With those things in mind, you might say that what we have seen from the young phenom thus far is a bit disappointing. In 757 plate appearances through his age-21 season, Guerrero has posted a 107 wRC+. That places him 112th amongst all hitters since 2019 (for players with at least 500 plate appearances), sandwiched between the aging Robinson Canó and Omar Narváez. But I would note that context is key. Guerrero is one of only 10 players to receive 500 plate appearances through age 21. On that list, he ranks seventh in wRC+ behind Juan Soto, Fernando Tatis Jr., Cody Bellinger, Ronald Acuña Jr., and Carlos Correa. One could argue that four of those guys are on a Hall of Fame trajectory while the fifth (Correa) has been one of the top talents in the sport when he is not struggling with injury.

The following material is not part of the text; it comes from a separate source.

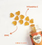 Vitamina C y Zinc que ayudan al funcionamiento del sistema inmune, mejorando la función antioxidante y la salud celular, sabor a naranja, sin azúcar ni gluten.

Guerrero is in rare company given the amount of big-league time he has logged at such a young age; that is an accomplishment in and of itself. But we are still left wanting more. How can he unlock his generational tools and become the hitter we hope he can be? I would argue the most glaring potential adjustment is to his swing plane. In 2019 and ’20, Guerrero posted groundball rates of 50.4% and 54.6%, respectively. The following represents his rolling average groundball rate in 25 groundball samples:

A whopping 68.5% of these samples yielded groundball rates above the major league average. Over the past two seasons, major league hitters have produced a .218 wOBA and .244 BABIP on groundballs compared to a .500 wOBA and .344 BABIP on batted balls in the air. Among the group of players with 500 plate appearances the past two seasons, Guerrero ranks 15th out of 226 players in the cohort. The frustrating part of this phenomenon is that he hits the ball exceptionally hard, to the point where if he put the ball in the air at closer to league average rates he would be a candidate to place amongst the league leaders in home runs and overall production.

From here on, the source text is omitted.